Нет, с таким оборотом я не мог примириться, не мог и не хотел. Меня и здесь воспитывали, отодвигали на время запретное, старались внушить, что оно ничего не дает, что оно неприятно и вредно — вот как курение, когда все курильщики соглашаются, что ничего хорошего в этом нет, а сами дня, да что там дня — часа не могут прожить без табака.

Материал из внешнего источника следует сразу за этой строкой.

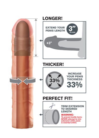 The Perfect 3″ Extension is a customizable extension that can be easily trimmed at the base for a perfect fit. It's super-stretchy to accommodate most sizes and snug enough to help you last longer. Your partner will enjoy deeper penetration with the 3″ extension at the tip, while the ultra-lifelike shaft makes you 33% thicker all around. The soft Fanta Flesh material feels just like a second skin, giving you the length, girth, and confidence you need to satisfy your lover.

Я с нетерпением ждал Нового года, когда наступят каникулы и приедет Лида, но все-таки рвал каждое очередное письмо не читая — выдерживал характер. И хотя у меня дрожали руки, когда я брал письмо, хотя первым моим желанием было вскрыть его, увидеть хотя бы первую строчку, прочитать одно-единственное слово — я сдерживался, я считал себя мужчиной и медленно, осмысленно разрывал письмо на части и бросал его в печку.
Однажды, возвращаясь вечером с работы, вдруг встречаю ее на улице — приехала! До Нового года еще целая неделя, а она приехала!
Мало сказать, что я обрадовался, — легко стало, светло, весело, усталость прошла сама собой. Я стоял перед Лидой с кнутом на плече — только что распряг своих волов — и блаженно улыбался. Она будто выросла за эти четыре месяца, стала немножко чужой в городском полушалке, и перчатки на ней были кожаные, холодные, и губы подкрашены.
— Ты такой прежний, — сказала она, с жалостью глядя на мой кнут. — Ты ни крошки не вырос. Я представляла тебя возмужавшим, суровым, а ты улыбаешься как мальчишка. Ты почему не отвечал на мои письма? Не думай, что я приехала из-за тебя. Просто там одиноко с непривычки, вот я и приехала. Встретимся сегодня?
Я отметил, что она уже не путает родовых и падежных окончаний, и порадовался за нее: такие успехи сделала. Наверно, только и занималась тем, что говорила да читала книжки. Но от встречи, выдерживая характер, твердо отказался. Если уж я такой прежний, если я не возмужал и не вырос, пусть ходит одна. Впрочем, отказ я объяснил тем, что на улице холодно.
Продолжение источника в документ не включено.